Write out each line of the listing as it stands, without the images.

----------

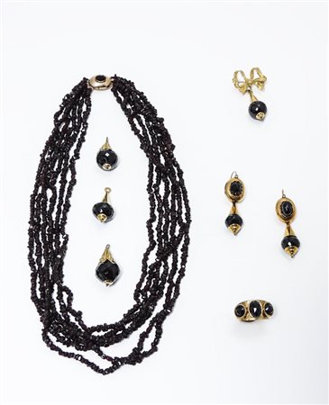 PARURE IN ORO GIALLO E GRANATI fine del XIX/inizio del XX secolo composta da collier a più fili, anello con tre granati ovali, orecchini con pendente staccabile, spilla e tre pendenti (7) GOLD AND GARNETS PARURE
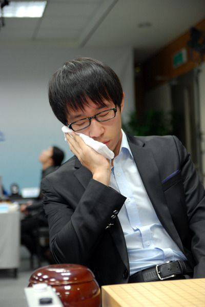 ▲ 격전을 벌이고 있는 구리 9단. 작심을 하고 나온 듯하다. 승부의 추는 아직 한쪽으로 기울지 않았다.
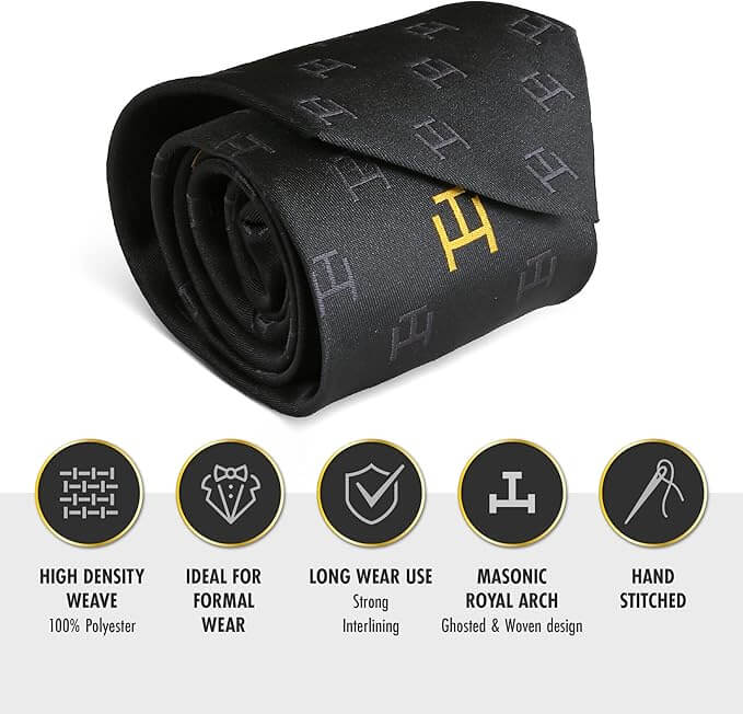 Elegantna črna kravata Royal Arch Chapter združuje prefinjenost, trpežnost in prilagodljivost, kar jo naredi idealno za različne formalne in svečane priložnosti. Izdelana iz visoko gostotnega poliestra s sredinsko oblogo iz volne in bombažnim prekrivalom zagotavlja odlično obliko in dolgotrajno uporabo.
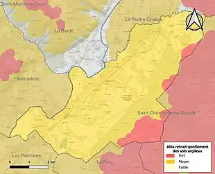 Le retrait-gonflement des sols argileux est susceptible d'engendrer des dommages importants aux bâtiments en cas d’alternance de périodes de sécheresse et de pluie. 99,7 % de la superficie communale est en aléa moyen ou fort (67,4 % au niveau départemental et 48,5 % au niveau national). Sur les 934 bâtiments dénombrés sur la commune en 2019, 934 sont en aléa moyen ou fort, soit 100 %, à comparer aux 84 % au niveau départemental et 54 % au niveau national. Une cartographie de l'exposition du territoire national au retrait gonflement des sols argileux est disponible sur le site du BRGM[24],[Carte 2].
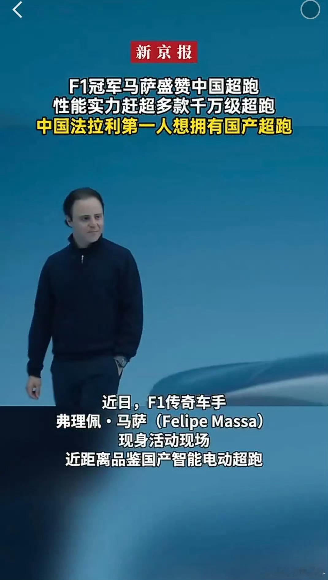 F1冠军马萨盛赞中国超跑中国法拉利第一人想拥有国产超跑传奇见证,实力加冕!F1冠军马萨与中国法拉利第一人李晓华,两大传奇同时为国产超跑站台,千匹动力、2秒破百、全域自研,国产超跑用硬核实力,让世界看见中国超跑力量。

----------

Answer to the exercise:
 PARURE IN ORO GIALLO E GRANATI fine del XIX/inizio del XX secolo composta da collier a più fili, anello con tre granati ovali, orecchini con pendente staccabile, spilla e tre pendenti (7) GOLD AND GARNETS PARURE
 ▲ 격전을 벌이고 있는 구리 9단. 작심을 하고 나온 듯하다. 승부의 추는 아직 한쪽으로 기울지 않았다.
 Elegantna črna kravata Royal Arch Chapter združuje prefinjenost, trpežnost in prilagodljivost, kar jo naredi idealno za različne formalne in svečane priložnosti. Izdelana iz visoko gostotnega poliestra s sredinsko oblogo iz volne in bombažnim prekrivalom zagotavlja odlično obliko in dolgotrajno uporabo.
 Le retrait-gonflement des sols argileux est susceptible d'engendrer des dommages importants aux bâtiments en cas d’alternance de périodes de sécheresse et de pluie. 99,7 % de la superficie communale est en aléa moyen ou fort (67,4 % au niveau départemental et 48,5 % au niveau national). Sur les 934 bâtiments dénombrés sur la commune en 2019, 934 sont en aléa moyen ou fort, soit 100 %, à comparer aux 84 % au niveau départemental et 54 % au niveau national. Une cartographie de l'exposition du territoire national au retrait gonflement des sols argileux est disponible sur le site du BRGM[24],[Carte 2].
 F1冠军马萨盛赞中国超跑中国法拉利第一人想拥有国产超跑传奇见证,实力加冕!F1冠军马萨与中国法拉利第一人李晓华,两大传奇同时为国产超跑站台,千匹动力、2秒破百、全域自研,国产超跑用硬核实力,让世界看见中国超跑力量。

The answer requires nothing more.